= Gunnar Blix =

Swedish chemist

Fritiof Gunnar Blix (7 September 1894 in Lund – 10 June 1981 in Uppsala) was a Swedish chemist and Professor of Medical and Physiological chemistry at the University of Uppsala. He was the son of physiologist Magnus Blix, and the father of Swedish politician and diplomat Hans Blix.

== Early life and education ==
Blix graduated from the Cathedral School in central Lund in 1912. He began his medical studies at Lund University in 1912 and became a medical student in 1916, received a license to practice medicine in 1922, and earned his PhD in 1925. He started working in the laboratory of Physical Chemistry at Uppsala University in 1925 and served as a Professor of Medical and Physiological Chemistry there from 1930 to 1961.

== Scientific Career ==
Blix was a member of several boards of inquiry (similar to a Royal Commission) including the 1958 investigation at the Medical College in Umeå. Blix was also a member of the Royal Society of Sciences in Uppsala. In 1950 he became an honorary member of the Austrian Society for Analytical Chemistry (ASAC). Blix also served as Prorector at the University of Uppsala from 1956-1961. His research focused on physiological chemistry and nutrition research. Much of his early work involved fats chemistry. His thesis concerned the blood lipids in diabetics.
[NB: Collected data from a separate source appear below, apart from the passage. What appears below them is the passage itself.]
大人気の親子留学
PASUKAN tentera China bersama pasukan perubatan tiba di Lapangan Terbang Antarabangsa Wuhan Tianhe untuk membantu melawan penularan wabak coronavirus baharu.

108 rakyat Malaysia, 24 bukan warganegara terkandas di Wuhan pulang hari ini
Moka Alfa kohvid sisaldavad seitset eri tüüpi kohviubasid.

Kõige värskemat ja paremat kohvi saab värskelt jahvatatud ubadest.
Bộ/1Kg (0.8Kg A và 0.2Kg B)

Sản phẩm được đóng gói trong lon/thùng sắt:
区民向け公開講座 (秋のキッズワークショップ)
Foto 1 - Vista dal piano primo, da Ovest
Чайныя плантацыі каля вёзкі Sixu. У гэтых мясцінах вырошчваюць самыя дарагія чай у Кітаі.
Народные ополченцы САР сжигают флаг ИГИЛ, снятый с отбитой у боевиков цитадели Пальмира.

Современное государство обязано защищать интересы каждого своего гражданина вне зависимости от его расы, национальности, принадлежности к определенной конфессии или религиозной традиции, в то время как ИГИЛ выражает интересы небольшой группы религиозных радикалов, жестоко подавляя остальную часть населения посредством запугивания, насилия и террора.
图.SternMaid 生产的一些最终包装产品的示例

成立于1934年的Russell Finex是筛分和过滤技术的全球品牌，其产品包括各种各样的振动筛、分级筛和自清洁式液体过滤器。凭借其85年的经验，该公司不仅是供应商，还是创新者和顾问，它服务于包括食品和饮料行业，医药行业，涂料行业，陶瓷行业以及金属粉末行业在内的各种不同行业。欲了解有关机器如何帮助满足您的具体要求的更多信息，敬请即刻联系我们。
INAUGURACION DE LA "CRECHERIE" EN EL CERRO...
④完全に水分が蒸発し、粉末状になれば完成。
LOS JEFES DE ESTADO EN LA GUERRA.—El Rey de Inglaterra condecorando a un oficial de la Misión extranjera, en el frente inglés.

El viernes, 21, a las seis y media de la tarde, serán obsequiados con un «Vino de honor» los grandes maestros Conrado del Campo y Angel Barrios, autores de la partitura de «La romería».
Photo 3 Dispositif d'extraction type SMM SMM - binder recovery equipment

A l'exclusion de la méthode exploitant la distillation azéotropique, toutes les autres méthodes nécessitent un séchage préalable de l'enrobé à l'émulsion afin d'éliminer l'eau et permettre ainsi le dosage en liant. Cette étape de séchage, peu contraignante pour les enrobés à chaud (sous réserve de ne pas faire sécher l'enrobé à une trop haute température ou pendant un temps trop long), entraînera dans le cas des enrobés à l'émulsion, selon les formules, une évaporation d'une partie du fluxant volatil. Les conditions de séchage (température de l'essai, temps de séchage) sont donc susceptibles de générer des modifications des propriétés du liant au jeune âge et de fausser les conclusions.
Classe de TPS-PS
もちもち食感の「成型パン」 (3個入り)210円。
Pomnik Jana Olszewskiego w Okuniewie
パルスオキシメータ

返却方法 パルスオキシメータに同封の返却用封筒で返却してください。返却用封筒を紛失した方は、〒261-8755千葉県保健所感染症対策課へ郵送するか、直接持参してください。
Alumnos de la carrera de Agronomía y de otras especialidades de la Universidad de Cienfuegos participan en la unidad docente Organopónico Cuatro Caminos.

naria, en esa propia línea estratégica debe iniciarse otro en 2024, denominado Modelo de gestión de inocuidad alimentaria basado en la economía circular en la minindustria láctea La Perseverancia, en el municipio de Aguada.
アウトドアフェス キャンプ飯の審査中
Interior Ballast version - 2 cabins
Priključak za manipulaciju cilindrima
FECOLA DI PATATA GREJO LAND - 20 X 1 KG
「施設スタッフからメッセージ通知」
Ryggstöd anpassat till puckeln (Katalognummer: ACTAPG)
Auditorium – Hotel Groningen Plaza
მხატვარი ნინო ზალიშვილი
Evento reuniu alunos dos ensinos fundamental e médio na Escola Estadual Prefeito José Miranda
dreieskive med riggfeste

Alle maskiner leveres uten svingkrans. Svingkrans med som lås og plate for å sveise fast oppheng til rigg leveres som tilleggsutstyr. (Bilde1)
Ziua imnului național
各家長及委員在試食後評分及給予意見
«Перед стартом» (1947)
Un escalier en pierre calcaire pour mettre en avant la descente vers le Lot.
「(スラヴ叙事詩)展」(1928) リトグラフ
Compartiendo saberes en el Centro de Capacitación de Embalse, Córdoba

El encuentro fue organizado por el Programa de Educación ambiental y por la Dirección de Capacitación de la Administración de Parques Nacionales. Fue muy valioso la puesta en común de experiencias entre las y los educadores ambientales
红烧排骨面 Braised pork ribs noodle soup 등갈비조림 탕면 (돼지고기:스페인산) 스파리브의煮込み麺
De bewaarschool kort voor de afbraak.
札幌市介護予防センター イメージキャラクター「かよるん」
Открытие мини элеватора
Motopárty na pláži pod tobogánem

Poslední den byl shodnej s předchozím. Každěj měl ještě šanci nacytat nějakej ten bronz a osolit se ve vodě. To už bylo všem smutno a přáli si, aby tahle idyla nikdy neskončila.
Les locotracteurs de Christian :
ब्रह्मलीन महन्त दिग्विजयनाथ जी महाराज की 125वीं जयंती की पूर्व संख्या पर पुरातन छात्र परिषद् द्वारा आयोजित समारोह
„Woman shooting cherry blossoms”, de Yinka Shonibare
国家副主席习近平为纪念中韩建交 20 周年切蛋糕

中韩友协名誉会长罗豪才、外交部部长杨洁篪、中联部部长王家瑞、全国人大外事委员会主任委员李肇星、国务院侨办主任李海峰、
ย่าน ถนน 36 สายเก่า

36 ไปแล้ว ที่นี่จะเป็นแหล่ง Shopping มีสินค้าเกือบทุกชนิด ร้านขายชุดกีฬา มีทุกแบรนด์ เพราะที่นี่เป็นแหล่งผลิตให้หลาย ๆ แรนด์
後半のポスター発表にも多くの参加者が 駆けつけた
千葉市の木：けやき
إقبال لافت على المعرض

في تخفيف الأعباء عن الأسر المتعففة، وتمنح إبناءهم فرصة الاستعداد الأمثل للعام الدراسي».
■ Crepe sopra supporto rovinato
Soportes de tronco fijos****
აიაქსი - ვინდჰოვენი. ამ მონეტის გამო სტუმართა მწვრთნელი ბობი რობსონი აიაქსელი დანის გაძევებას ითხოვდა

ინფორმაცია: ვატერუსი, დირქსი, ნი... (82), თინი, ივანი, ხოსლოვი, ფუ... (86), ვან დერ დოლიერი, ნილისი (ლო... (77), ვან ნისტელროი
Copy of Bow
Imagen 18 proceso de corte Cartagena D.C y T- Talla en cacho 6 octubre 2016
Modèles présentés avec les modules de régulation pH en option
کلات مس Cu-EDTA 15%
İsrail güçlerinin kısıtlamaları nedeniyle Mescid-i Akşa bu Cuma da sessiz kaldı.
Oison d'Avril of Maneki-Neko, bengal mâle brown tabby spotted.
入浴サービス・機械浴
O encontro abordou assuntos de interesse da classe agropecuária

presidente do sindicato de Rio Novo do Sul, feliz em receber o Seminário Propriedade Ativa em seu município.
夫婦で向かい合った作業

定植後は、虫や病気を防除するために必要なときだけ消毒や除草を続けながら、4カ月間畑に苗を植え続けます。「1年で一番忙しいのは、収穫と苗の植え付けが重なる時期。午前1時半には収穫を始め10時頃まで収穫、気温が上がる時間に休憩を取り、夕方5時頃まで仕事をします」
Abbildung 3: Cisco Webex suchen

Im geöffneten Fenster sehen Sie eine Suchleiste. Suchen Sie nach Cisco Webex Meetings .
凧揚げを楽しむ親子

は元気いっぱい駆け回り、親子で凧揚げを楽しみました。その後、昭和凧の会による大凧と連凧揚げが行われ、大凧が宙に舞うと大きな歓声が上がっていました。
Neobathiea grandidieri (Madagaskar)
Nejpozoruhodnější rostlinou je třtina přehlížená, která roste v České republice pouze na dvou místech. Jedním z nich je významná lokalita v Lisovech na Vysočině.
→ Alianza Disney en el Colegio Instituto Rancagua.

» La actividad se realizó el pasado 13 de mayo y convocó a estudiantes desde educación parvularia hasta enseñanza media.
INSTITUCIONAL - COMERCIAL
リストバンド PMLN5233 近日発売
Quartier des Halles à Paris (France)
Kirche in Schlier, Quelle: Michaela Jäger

In 1933 he discovered that sulfatide in the brain contained amide-bound fatty acid and 4-sphingenine. Along with Arne Tiselius and Harold Svensson he discovered lipoproteins in 1941, a fundamental discovery for research on atherosclerosis. He also conducted extensive studies of hyaluronan (hyaluronic acid). He discovered sialic acids in 1936 and subsequently named them in 1952.

Blix was elected in 1956 as Member of the Royal Swedish Academy of Sciences.

He is buried in Uppsala Old Cemetery.